**RECORDED DATA**:
======
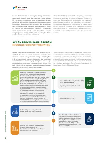 Laporan Keberlanjutan ini menyajikan kinerja Perusahaan dalam aspek ekonomi, sosial, dan lingkungan. Melalui laporan ini, Perusahaan memfokuskan pada pengungkapan dampak dari seluruh aktivitas yang dijalankan, sehingga para pemangku kepentingan dapat memahami kebijakan dan pendekatan yang diterapkan untuk mengelola dampak tersebut. Selain itu, laporan ini memungkinkan pemangku kepentingan untuk mengevaluasi sejauh mana Perusahaan berhasil mengintegrasikan prinsip pembangunan berkelanjutan dalam mendukung kesuksesan jangka panjangnya.This Sustainability Report presents the Company's performance in economic, social and environmental aspects. Through this report, the Company focuses on disclosing the impacts of all activities performed, so that stakeholders can understand the policies and approaches implemented to manage these impacts. In addition, this report allows stakeholders to evaluate the extent to which the Company has succeeded in integrating sustainable development principles in supporting its long-term success.Peraturan Otoritas Jasa Keuangan Nomor 51/POJK.03/2017 tentang Penerapan Keuangan Berkelanjutan bagi Lembaga Jasa Keuangan, Emiten, dan Perusahaan Publik dan Pedoman Teknis Penyusunan Laporan Keberlanjutan bagi Emitan dan Perusahaan Publik yang dituangkan dalam Surat Edaran Otoritas Jasa Keuangan (SEOJK) No.16/SEOJK.04/2021 tentang Bentuk dan Isi Laporan Tahunan Emiten Atau Perusahaan Publik.Financial Services Authority Regulation Number 51/POJK.03/2017 concerning the Implementation of Sustainable Finance for Financial Services Institutions, Issuers, and Public Companies, and the Technical Guidelines for the Preparation of Sustainability Reports for Issuers and Public Companies as stipulated in the Financial Services Authority Circular Letter (SEOJK) Number 16/SEOJK.04/2021 concerning the Form and Content of the Annual Report of Issuers or Public Companies.23 456Standart Global Reporting Initiative (GRI) 2021: %u2018In Accordance to%u2019In accordance to the 2021 Global Reporting Initiative (GRI) StandardsSustainability Accounting Standard Board (SASB) Oil & Gas (Exploration & Production) StandardOil and Gas Sector Specific Disclosure (OGSS) (2021)The Oil and Gas Industry Guidance on Voluntary Sustainability Reporting 4thedition 2020-International Petroleum Industry Environmental Conservation Association (IPIECA), American Petroleum Institute (API), and the International Association of Oil & Gas Producers (IOGP) Laporan Keberlanjutan ini mengacu pada beberapa aturan, standard, dan panduan untuk memberikan kerangka kerja sistematis dalam menyampaikan kinerja keberlanjutan PHE, termasuk aspek ekonomi, lingkungan, dan sosial dan memastikan bahwa informasi yang disampaikan relevan bagi pemangku kepentingan serta mencakup elemen-elemen kritis bagi industri minyak dan gas. Acuan penyusunan Laporan Keberlanjutan tahun 2024 adalah sebagai berikut:This Sustainability Report refers to several rules, standards, and guidelines to provide a systematic framework in delivering PHE's sustainability performance, including economic, environmental, and social aspects and ensuring that the information presented is relevant to the stakeholders and covers critical elements for the oil and gas industry. The references for preparing the Sustainability Report 2024 are as follows:ACUAN PENYUSUNAN LAPORANREFERENCES FOR REPORT PREPARATION1Panduan Task Force on Climate-related Financial Disclosures (TCFD)The Task Force on Climate-related Financial Disclosures (TCFD) guidelinesHULU ENERGILaporan Keberlanjutan %u2022 Sustainability Report 54
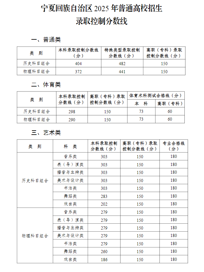 一、2025年宁夏高考录取分数线
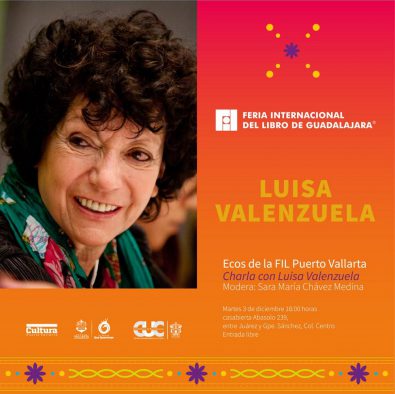 La funcionaria indicó que en esta edición se tendrá la presencia de cuatro autores que vinculan la ciencia y la juventud en sus trabajos, tal es el caso de la escritora argentina Luisa Valenzuela, premio Carlos Fuentes 2019, que cuenta con 50 años ininterrumpidos en la literatura, ha publicado más de 30 libros entre novelas, cuentos, micro-relatos y ensayos. Su obra ha sido dictada en más de 17 países de América, Europa, Asia y Oceanía y traducida a varios idiomas. Ella estará el martes 3 de diciembre a las 18:00 horas, en ‘Casa Abierta’ ubicada en Abasolo 239, colonia Centro de Puerto Vallarta.
======
**GOAL OF THE EXERCISE**:
Print the full listing exactly, dropping the pictures.

**YOUR RESPONSE**:
 Laporan Keberlanjutan ini menyajikan kinerja Perusahaan dalam aspek ekonomi, sosial, dan lingkungan. Melalui laporan ini, Perusahaan memfokuskan pada pengungkapan dampak dari seluruh aktivitas yang dijalankan, sehingga para pemangku kepentingan dapat memahami kebijakan dan pendekatan yang diterapkan untuk mengelola dampak tersebut. Selain itu, laporan ini memungkinkan pemangku kepentingan untuk mengevaluasi sejauh mana Perusahaan berhasil mengintegrasikan prinsip pembangunan berkelanjutan dalam mendukung kesuksesan jangka panjangnya.This Sustainability Report presents the Company's performance in economic, social and environmental aspects. Through this report, the Company focuses on disclosing the impacts of all activities performed, so that stakeholders can understand the policies and approaches implemented to manage these impacts. In addition, this report allows stakeholders to evaluate the extent to which the Company has succeeded in integrating sustainable development principles in supporting its long-term success.Peraturan Otoritas Jasa Keuangan Nomor 51/POJK.03/2017 tentang Penerapan Keuangan Berkelanjutan bagi Lembaga Jasa Keuangan, Emiten, dan Perusahaan Publik dan Pedoman Teknis Penyusunan Laporan Keberlanjutan bagi Emitan dan Perusahaan Publik yang dituangkan dalam Surat Edaran Otoritas Jasa Keuangan (SEOJK) No.16/SEOJK.04/2021 tentang Bentuk dan Isi Laporan Tahunan Emiten Atau Perusahaan Publik.Financial Services Authority Regulation Number 51/POJK.03/2017 concerning the Implementation of Sustainable Finance for Financial Services Institutions, Issuers, and Public Companies, and the Technical Guidelines for the Preparation of Sustainability Reports for Issuers and Public Companies as stipulated in the Financial Services Authority Circular Letter (SEOJK) Number 16/SEOJK.04/2021 concerning the Form and Content of the Annual Report of Issuers or Public Companies.23 456Standart Global Reporting Initiative (GRI) 2021: %u2018In Accordance to%u2019In accordance to the 2021 Global Reporting Initiative (GRI) StandardsSustainability Accounting Standard Board (SASB) Oil & Gas (Exploration & Production) StandardOil and Gas Sector Specific Disclosure (OGSS) (2021)The Oil and Gas Industry Guidance on Voluntary Sustainability Reporting 4thedition 2020-International Petroleum Industry Environmental Conservation Association (IPIECA), American Petroleum Institute (API), and the International Association of Oil & Gas Producers (IOGP) Laporan Keberlanjutan ini mengacu pada beberapa aturan, standard, dan panduan untuk memberikan kerangka kerja sistematis dalam menyampaikan kinerja keberlanjutan PHE, termasuk aspek ekonomi, lingkungan, dan sosial dan memastikan bahwa informasi yang disampaikan relevan bagi pemangku kepentingan serta mencakup elemen-elemen kritis bagi industri minyak dan gas. Acuan penyusunan Laporan Keberlanjutan tahun 2024 adalah sebagai berikut:This Sustainability Report refers to several rules, standards, and guidelines to provide a systematic framework in delivering PHE's sustainability performance, including economic, environmental, and social aspects and ensuring that the information presented is relevant to the stakeholders and covers critical elements for the oil and gas industry. The references for preparing the Sustainability Report 2024 are as follows:ACUAN PENYUSUNAN LAPORANREFERENCES FOR REPORT PREPARATION1Panduan Task Force on Climate-related Financial Disclosures (TCFD)The Task Force on Climate-related Financial Disclosures (TCFD) guidelinesHULU ENERGILaporan Keberlanjutan %u2022 Sustainability Report 54
 一、2025年宁夏高考录取分数线
 La funcionaria indicó que en esta edición se tendrá la presencia de cuatro autores que vinculan la ciencia y la juventud en sus trabajos, tal es el caso de la escritora argentina Luisa Valenzuela, premio Carlos Fuentes 2019, que cuenta con 50 años ininterrumpidos en la literatura, ha publicado más de 30 libros entre novelas, cuentos, micro-relatos y ensayos. Su obra ha sido dictada en más de 17 países de América, Europa, Asia y Oceanía y traducida a varios idiomas. Ella estará el martes 3 de diciembre a las 18:00 horas, en ‘Casa Abierta’ ubicada en Abasolo 239, colonia Centro de Puerto Vallarta.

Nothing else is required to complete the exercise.